Fire Evacuations in the Procedural Areas
Accreditation Monthly
August 5, 2010
When I ask about fire evacuations in procedural areas such as the cardiac cath lab, PACU, same-day surgery, and operating areas, it is disturbing as a consultant to hear that some of these areas don't take part in fire drills because they are in the "middle of cases" when the practices occur. The next question that I ask is, "Where would you evacuate patients in the event of a fire in this area?" Surprisingly, some staff ponder the question or start a discussion with colleagues about the process, which doesn't give me confidence that patients would be evacuated efficiently and effectively in the event of a fire.

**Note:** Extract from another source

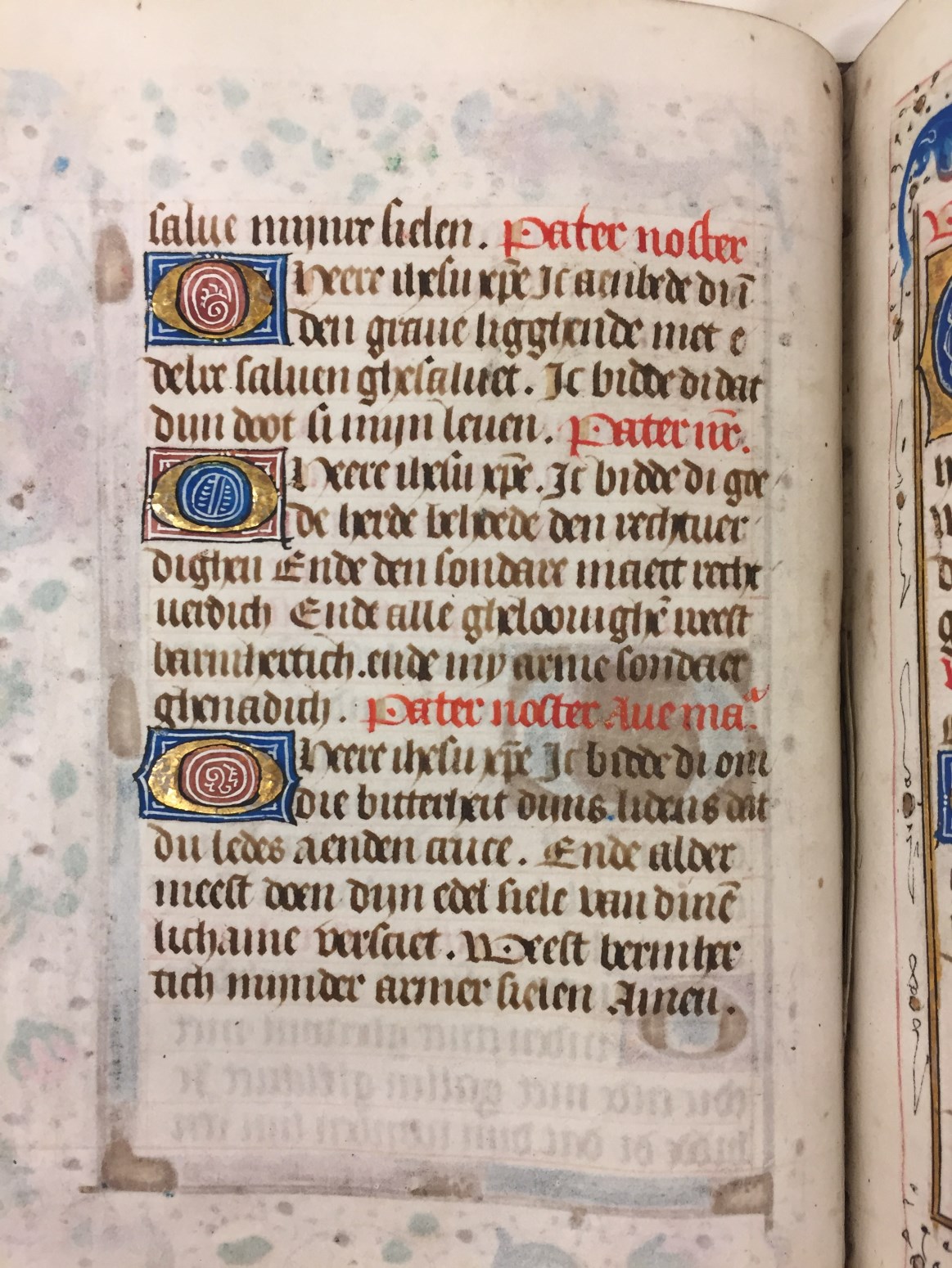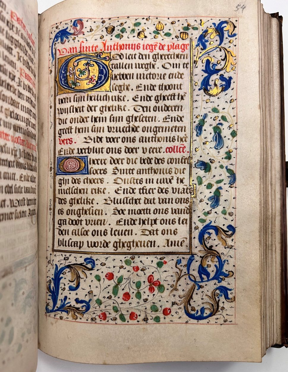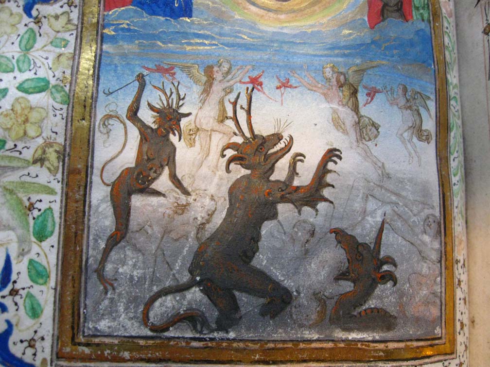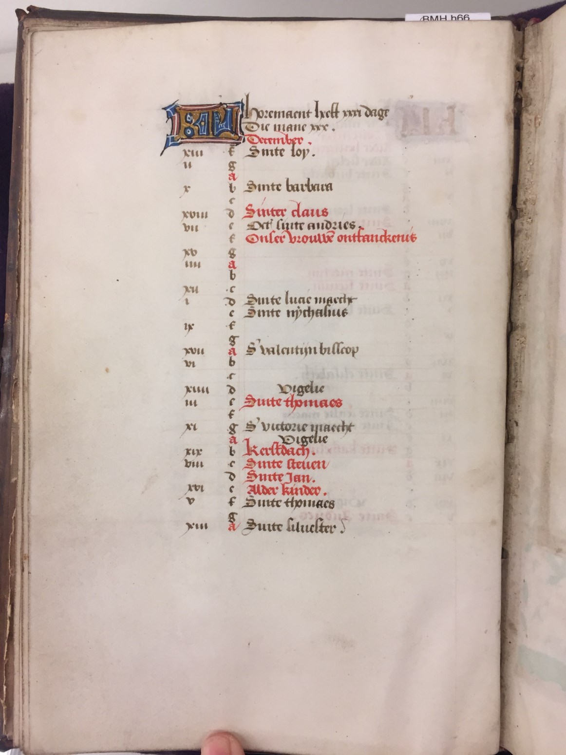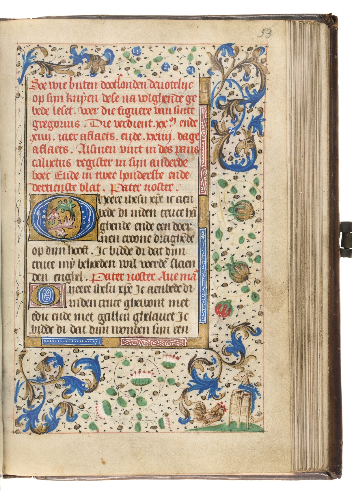 In het handschrift zijn twee miniaturen bewaard, een annunciatie naar voorbeeld van Hans Memlinc (f. 8v, behoorlijk beschadigd) en een bijzondere afbeelding van het laatste oordeel bij het begin van de zeven boetpsalmen (f. 37v). Tenminste twee miniaturen zijn uitgesneden, een voor de korte Kruisgetijden (f. 48) en vermoedelijk ook een bij de suffragie voor ...
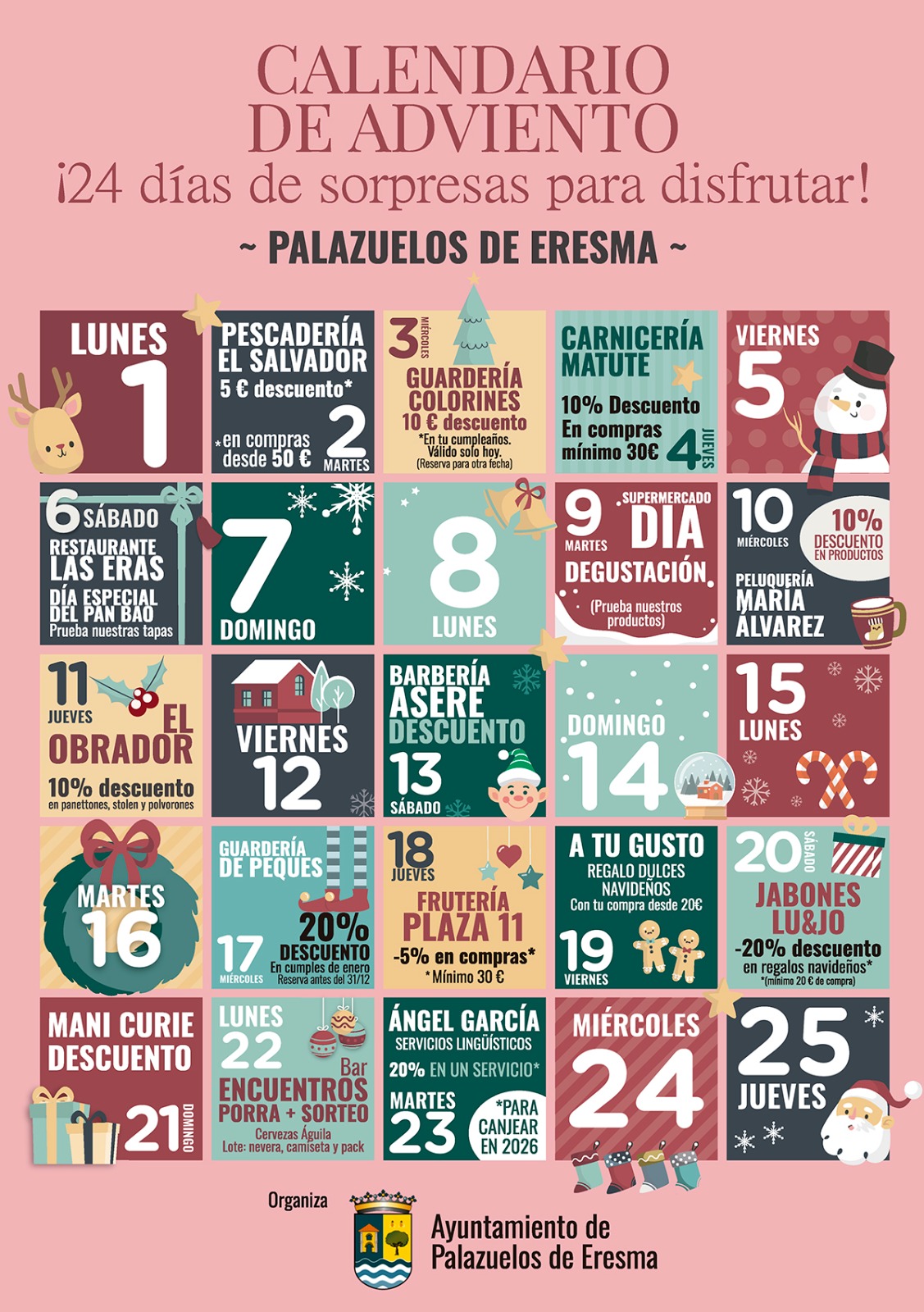 El Ayuntamiento de Palazuelos de Eresma presenta el Calendario de Adviento Empresarial 2025, una iniciativa que reúne a empresas locales de sectores muy diversos. Cada día, una de ellas ofrece una acción especial: descuentos, degustaciones, regalos, sorteos o propuestas exclusivas.

The requirement in the Life Safety Code is that everyone who has a role in the fire response plan will be drilled periodically, with that drilling to include relocation of patients (either through simulation or through the use of empty wheelchairs, stretchers, etc.) to adjacent smoke compartments. Additionally, consider The Joint Commission's position: Although the National Patient Safety Goal on surgical fires applies to ambulatory surgery environments, the original Sentinel Event Alert includes all areas in which surgical fire is a risk.
Although they can be disruptive, schedule practice evacuations on slower days or times to conduct drills in these locations if you are already not doing so. Some facilities practice moving actual patients to the designated area; this takes a lot of coordination, but in the event of a fire, they should have the process down pat. These simulations can affect your response in life-or-death situations. Consider posting an evacuation map in the area that staff can reference. The bottom line is to make sure you can verify that each patient care area knows where to evacuate patients in an emergency, including a fire.